BEGIN
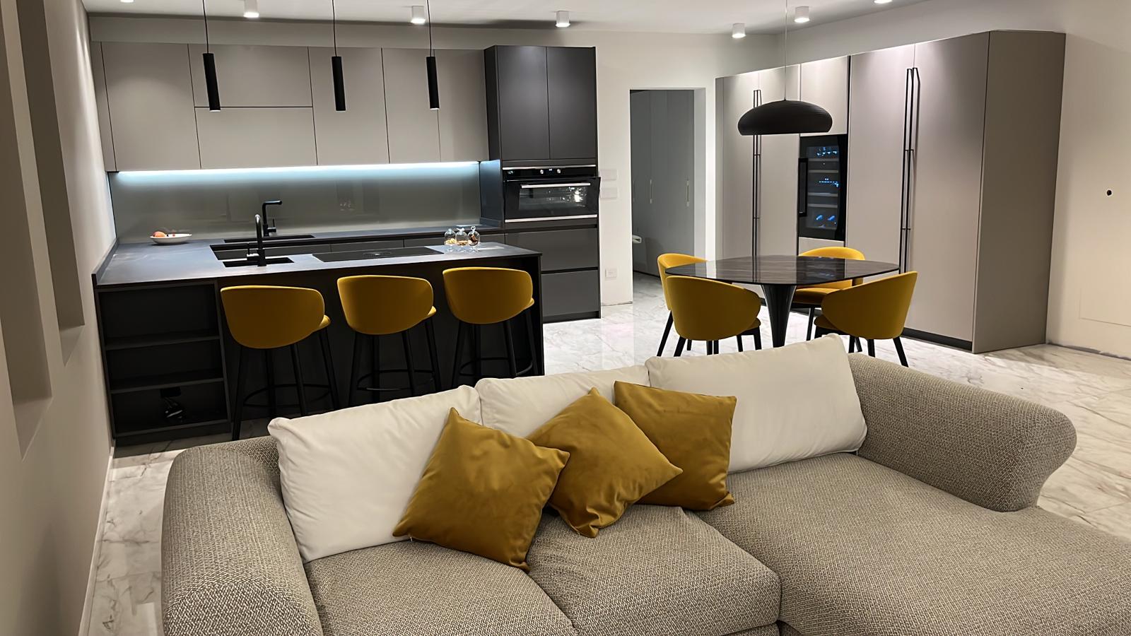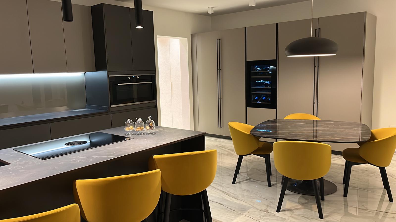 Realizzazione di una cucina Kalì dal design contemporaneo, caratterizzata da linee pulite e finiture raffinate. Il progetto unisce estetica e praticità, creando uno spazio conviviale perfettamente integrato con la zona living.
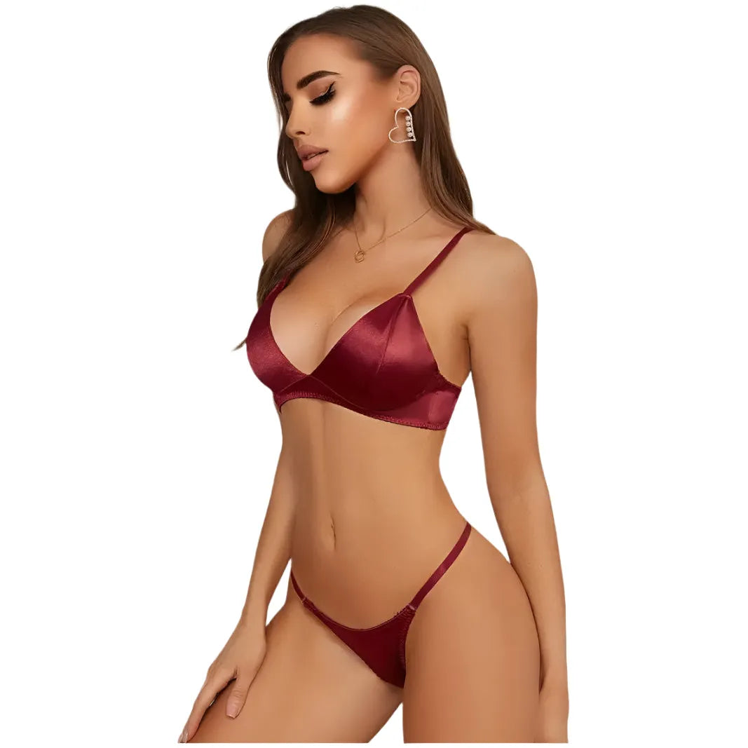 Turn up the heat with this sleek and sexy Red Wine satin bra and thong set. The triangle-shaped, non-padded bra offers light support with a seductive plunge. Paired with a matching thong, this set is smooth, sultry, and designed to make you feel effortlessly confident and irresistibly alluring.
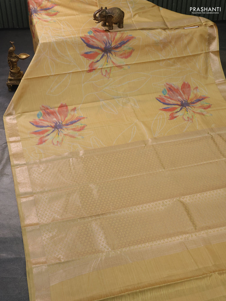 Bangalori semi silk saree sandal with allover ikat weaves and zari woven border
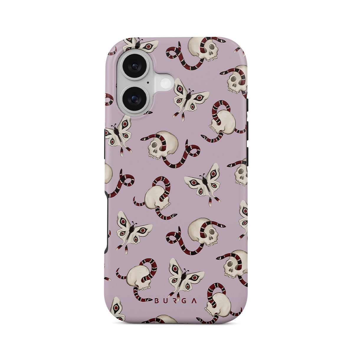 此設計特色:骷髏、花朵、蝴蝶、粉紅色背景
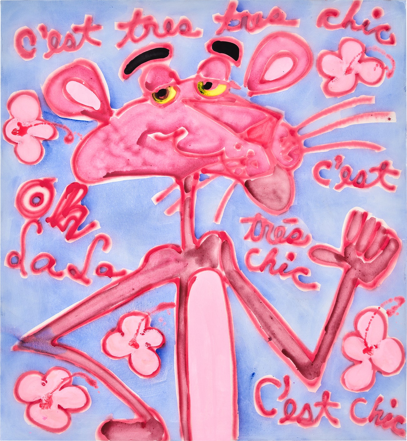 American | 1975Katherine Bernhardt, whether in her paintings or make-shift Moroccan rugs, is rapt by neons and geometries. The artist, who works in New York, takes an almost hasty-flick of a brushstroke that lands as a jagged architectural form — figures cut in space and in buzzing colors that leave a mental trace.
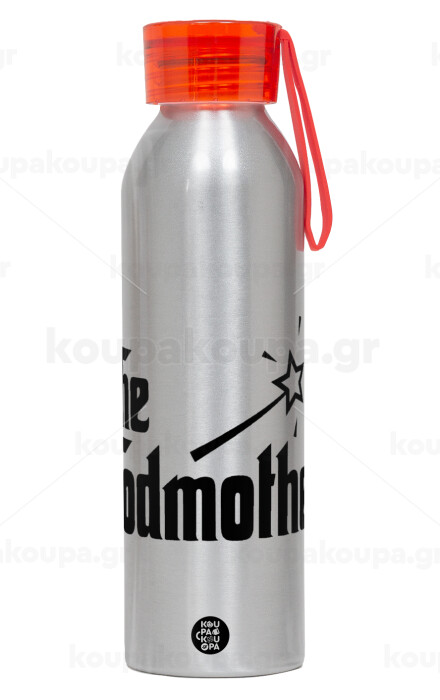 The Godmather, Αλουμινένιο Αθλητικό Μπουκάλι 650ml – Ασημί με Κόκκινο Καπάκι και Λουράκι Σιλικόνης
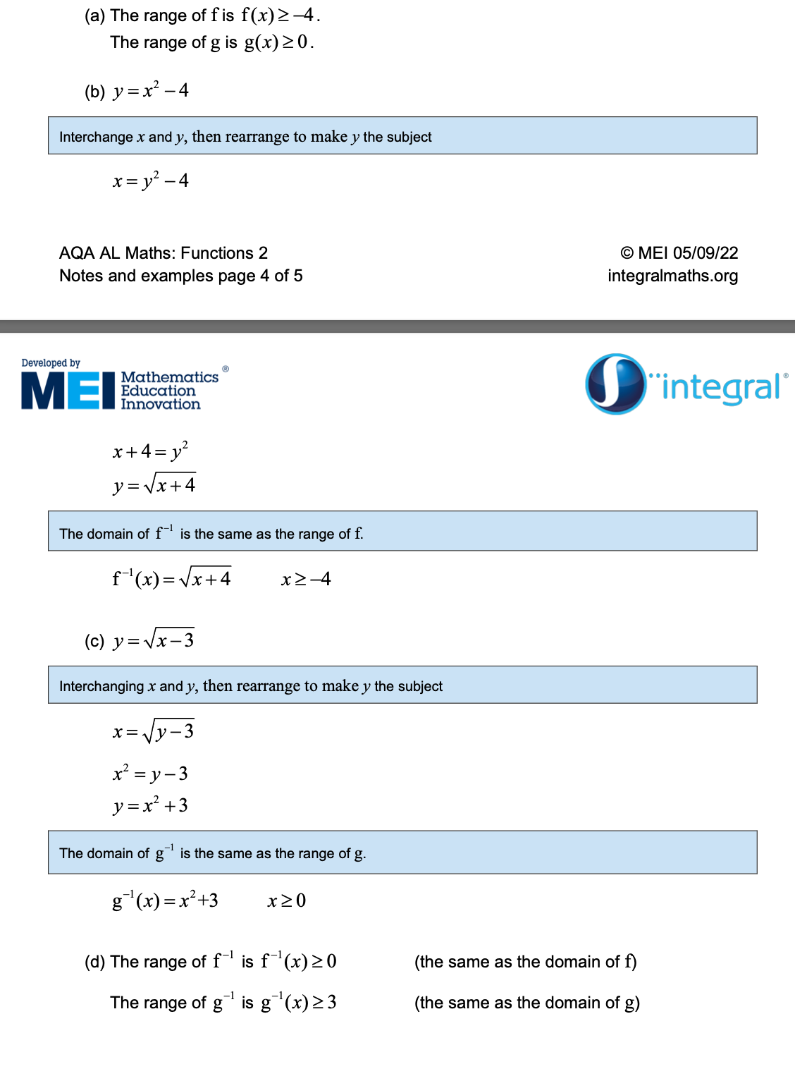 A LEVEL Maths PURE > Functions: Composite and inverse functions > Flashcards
END
BEGIN
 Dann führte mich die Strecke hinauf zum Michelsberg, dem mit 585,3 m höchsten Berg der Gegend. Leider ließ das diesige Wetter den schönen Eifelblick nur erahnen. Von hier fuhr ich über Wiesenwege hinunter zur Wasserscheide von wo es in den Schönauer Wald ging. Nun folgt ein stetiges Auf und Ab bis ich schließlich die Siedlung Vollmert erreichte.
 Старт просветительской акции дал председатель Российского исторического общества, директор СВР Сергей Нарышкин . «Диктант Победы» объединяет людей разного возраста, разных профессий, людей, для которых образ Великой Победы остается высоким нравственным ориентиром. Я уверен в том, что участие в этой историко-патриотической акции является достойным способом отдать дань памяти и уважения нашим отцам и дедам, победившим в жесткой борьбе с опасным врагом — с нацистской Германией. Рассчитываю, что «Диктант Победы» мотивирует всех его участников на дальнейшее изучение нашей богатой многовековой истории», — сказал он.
END
> WHAT IS EXPECTED
The line holding "The Godmather, Αλουμινένιο" starts the copy and the line holding "A LEVEL Maths" ends it. Repeat those two lines above and all between them exactly, leaving out pictures.

> YOUR RESPONSE
 The Godmather, Αλουμινένιο Αθλητικό Μπουκάλι 650ml – Ασημί με Κόκκινο Καπάκι και Λουράκι Σιλικόνης
 A LEVEL Maths PURE > Functions: Composite and inverse functions > Flashcards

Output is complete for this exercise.